Specifically, the garbage separated by the liquid type drum screen is dehydrated and dried in a dehydration device to obtain organic garbage with low moisture content, and the compression ratio value of the organic garbage is 1: 2-4. The dehydration device is a stacked screw dehydration device and comprises a filter cylinder, a screw shaft, a material inlet and outlet, a back pressure plate and the like, wherein the dehydration device utilizes a plurality of fixed rings and movable rings to be stacked alternately to form the filter cylinder, the built-in screw shaft pushes materials to move in the cylinder, the movable rings do circular motion in the radial direction by the rotating screw shaft and move relative to the fixed rings, the filter cylinder is not easy to block, liquid in the materials can be naturally discharged from a gap between the fixed rings and the movable rings at the front section of the filter cylinder, the volume in the screw cavity is continuously shrunk at the rear section of the filter cylinder, the internal pressure is continuously increased, and moisture in the materials is extruded. From the feed inlet to the discharge opening, the clearance of solid fixed ring and activity ring diminishes gradually, and the pitch of screw axis is littleer gradually, can produce very high pressure through the back pressure board, makes the material through abundant dehydration back, discharges from the discharge opening.
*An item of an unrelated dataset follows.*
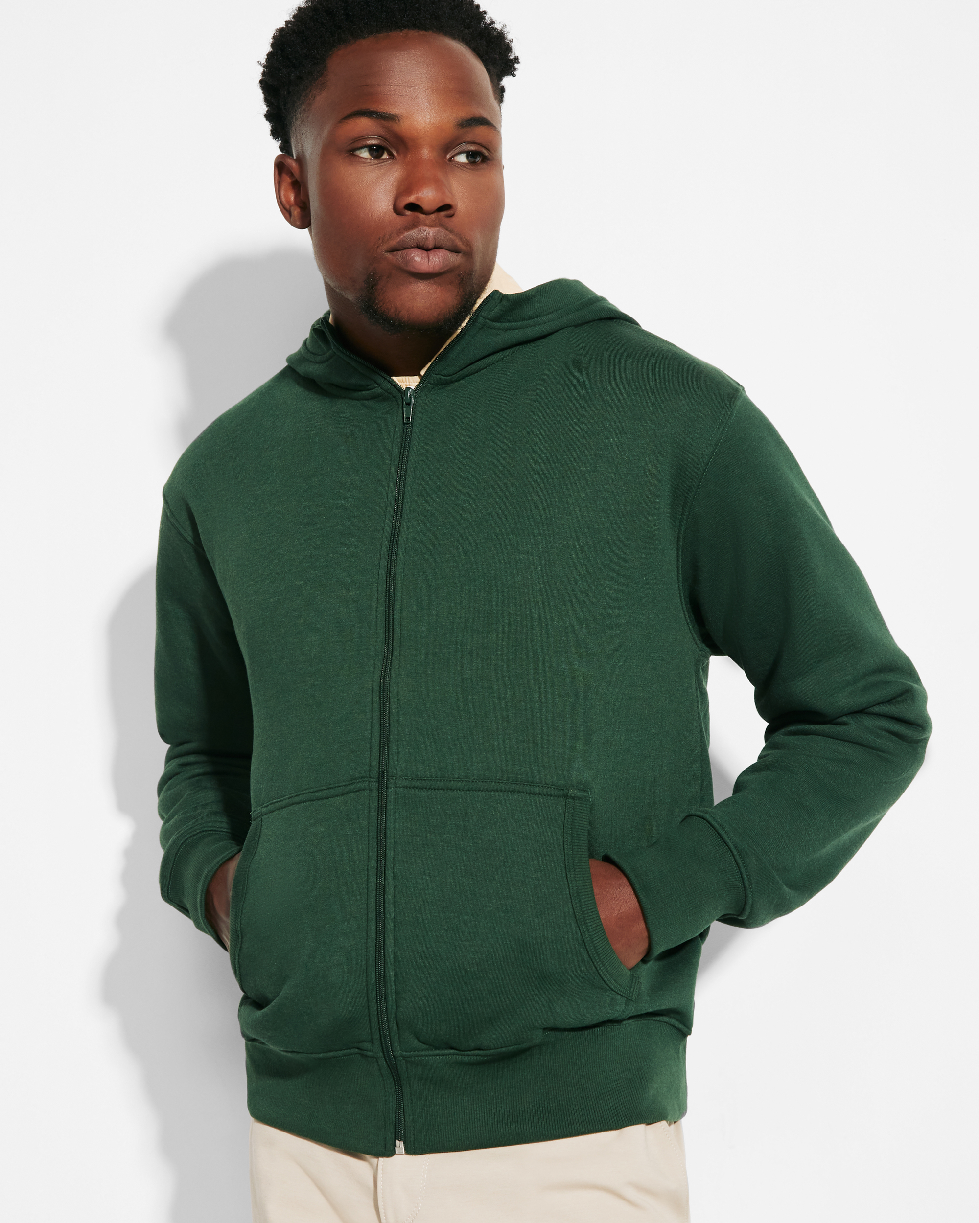Composición: 50% algodón / 50% poliéster, felpa perchada, 280 g/m², 3% elastano en puños.

Referring to fig. 3, in order to further optimize the above technical solution, the leachate treatment system comprises: the device comprises a regulating tank, a denitrification reactor, a nitrification reactor, a biomass carbon adsorption tank, a first precision filter, an ultrafiltration membrane unit, a second precision filter, a nanofiltration membrane unit, a reverse osmosis membrane unit and a clean water tank which are connected in sequence;

wherein reflux exists between the nitration reactor and the denitrification reactor; backflow exists between the ultrafiltration membrane unit and the nitration reactor; and the clear water tank has reflux with the ultrafiltration membrane unit, the nanofiltration membrane unit and the reverse osmosis membrane unit respectively, and the ultrafiltration membrane unit, the nanofiltration membrane unit and the reverse osmosis membrane unit are connected with the acid-base liquid storage tank.

In order to further optimize the above technical solution, the leachate treatment system further comprises: a sludge storage tank and a sludge dewatering device; the inlet of the sludge storage tank is connected with the outlet of the nitrification reactor and the outlet of the biomass charcoal adsorption tank; the outlet of the sludge storage tank is communicated with a sludge dewatering device; and backflow exists between the sludge dewatering device and the adjusting tank.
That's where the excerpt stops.